Your task.
Please give back all the records exactly, but keep the pictures out.

Input data.

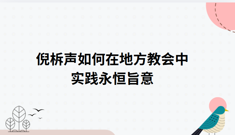 ## 一、用地方教会承载“基督+教会”的永恒旨意
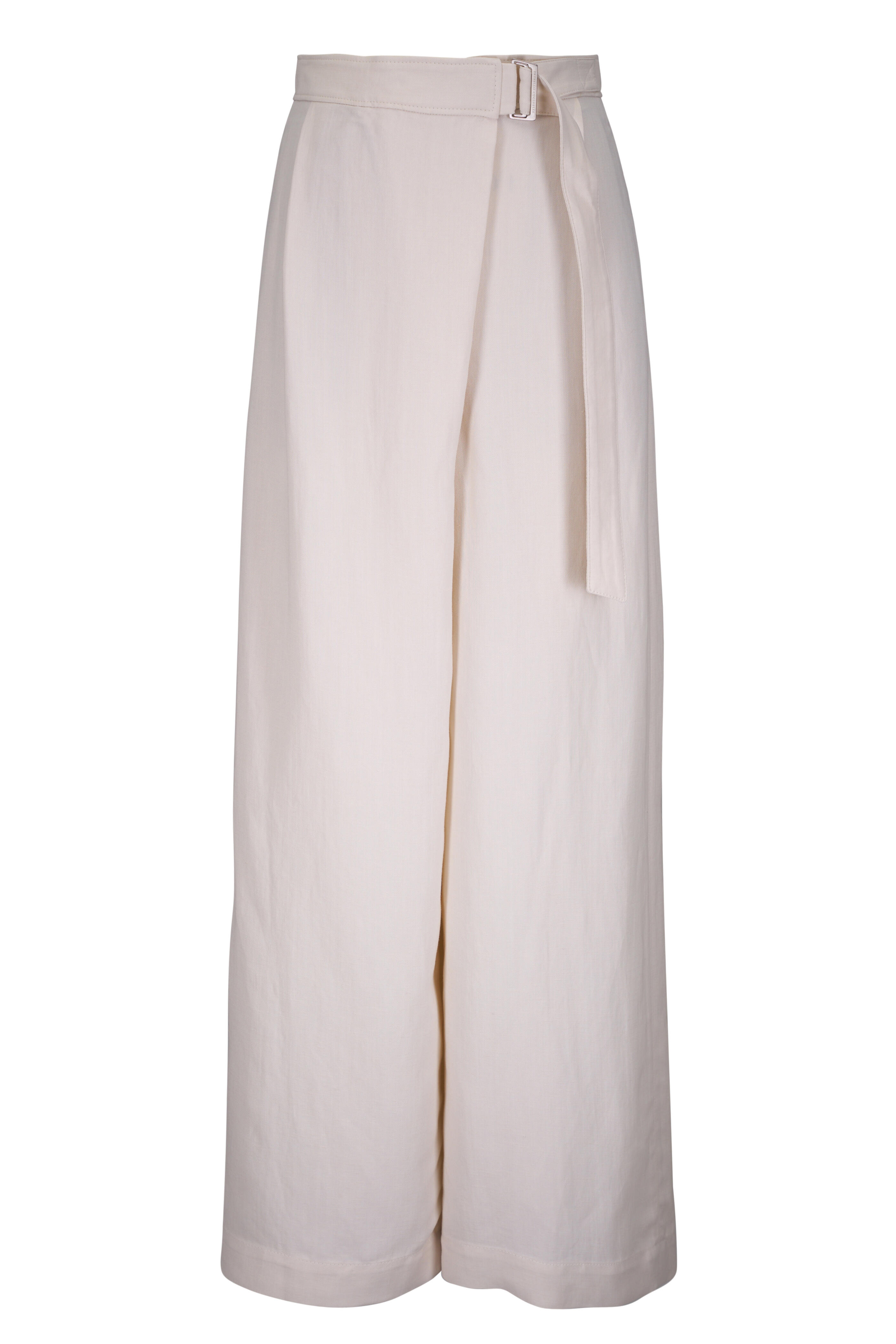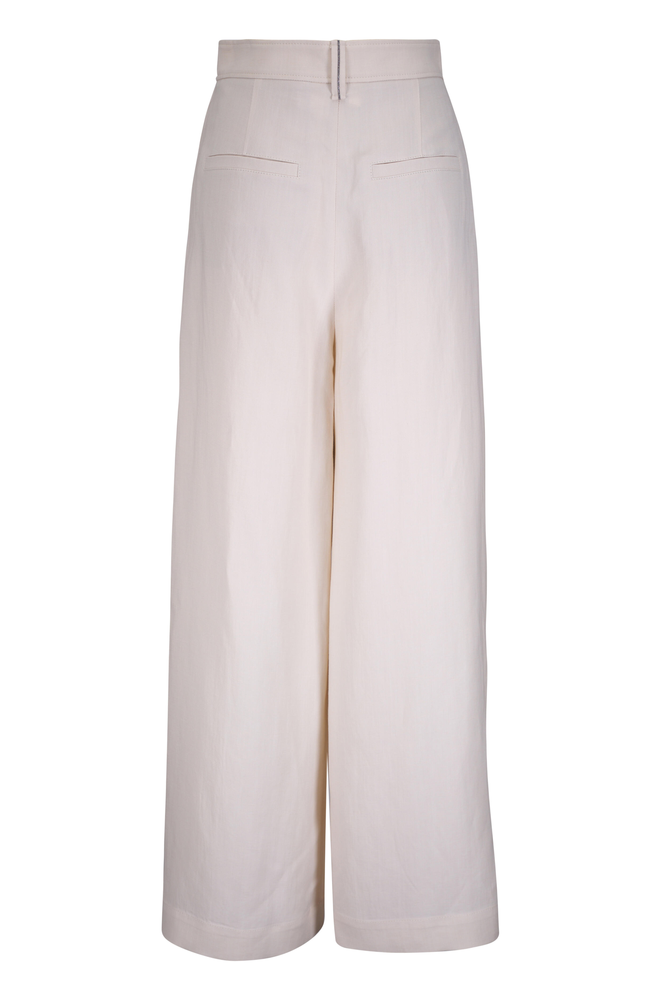 Adjustable belt; zip fly; backing button closure. Vertical front pockets; back welt pockets. Nickel-free monili decoration. Pleat. Straight hem. Made in Italy. 29" Inseam (size 0). 72% Viscose, 28% linen. Dry clean.
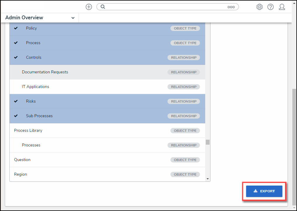 - Select the Object Types and Relationship you want to export by clicking the Name link. An Object Type and Relationship is highlighted, and a checkmark will appear to the left of the Name when selected.
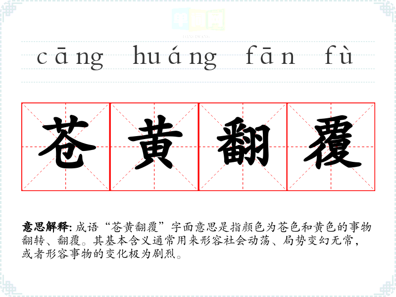 成语“苍黄翻覆”字面意思是指颜色为苍色和黄色的事物翻转、翻覆。其基本含义通常用来形容社会动荡、局势变幻无常,或者形容事物的变化极为剧烈。
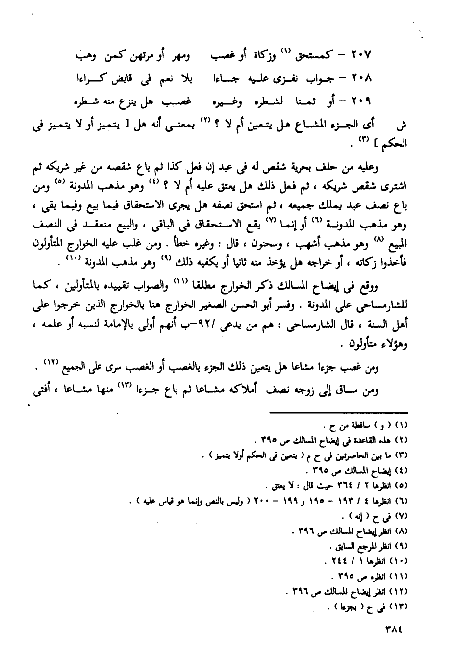 ووقع فى إيضاح المسالك ذكر الخوارج مطلقا والصواب تقييده بالمتأولين، كما للشارمساحى على المدونة. وفسر أبو الحسن الصغير الخوارج هنا بالخوارج الذين خرجوا على أهل السنة، قال الشارمساحى: هم من يدعى /92 - ب أنهم أولى بالإمامة لنسبه أو علمه، وهؤلاء متأولون.
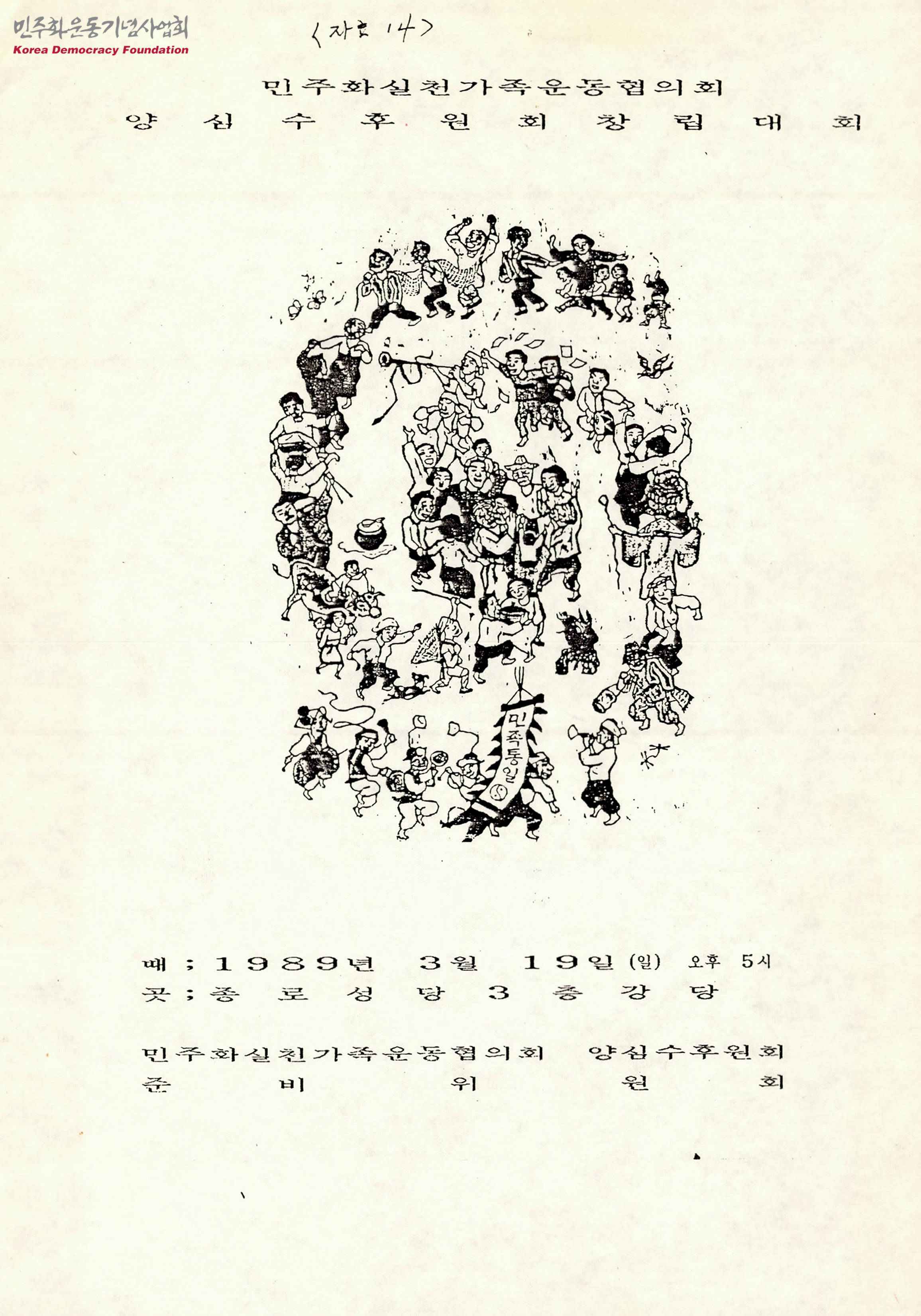 - 1989년 3월 19일 종로성당 3층 강당에서 열린 민주화실천가족운동협의회 양심수후원회 창립대회 안내문으로 '식순', '양심수후원회 회칙(가안)', '준비위원회 활동보고', '창립선언문', '양심수후원회 발기회원' 등의 내용이 수록되어 있음

Answer section.
 ## 一、用地方教会承载“基督+教会”的永恒旨意
 Adjustable belt; zip fly; backing button closure. Vertical front pockets; back welt pockets. Nickel-free monili decoration. Pleat. Straight hem. Made in Italy. 29" Inseam (size 0). 72% Viscose, 28% linen. Dry clean.
 - Select the Object Types and Relationship you want to export by clicking the Name link. An Object Type and Relationship is highlighted, and a checkmark will appear to the left of the Name when selected.
 成语“苍黄翻覆”字面意思是指颜色为苍色和黄色的事物翻转、翻覆。其基本含义通常用来形容社会动荡、局势变幻无常,或者形容事物的变化极为剧烈。
 ووقع فى إيضاح المسالك ذكر الخوارج مطلقا والصواب تقييده بالمتأولين، كما للشارمساحى على المدونة. وفسر أبو الحسن الصغير الخوارج هنا بالخوارج الذين خرجوا على أهل السنة، قال الشارمساحى: هم من يدعى /92 - ب أنهم أولى بالإمامة لنسبه أو علمه، وهؤلاء متأولون.
 - 1989년 3월 19일 종로성당 3층 강당에서 열린 민주화실천가족운동협의회 양심수후원회 창립대회 안내문으로 '식순', '양심수후원회 회칙(가안)', '준비위원회 활동보고', '창립선언문', '양심수후원회 발기회원' 등의 내용이 수록되어 있음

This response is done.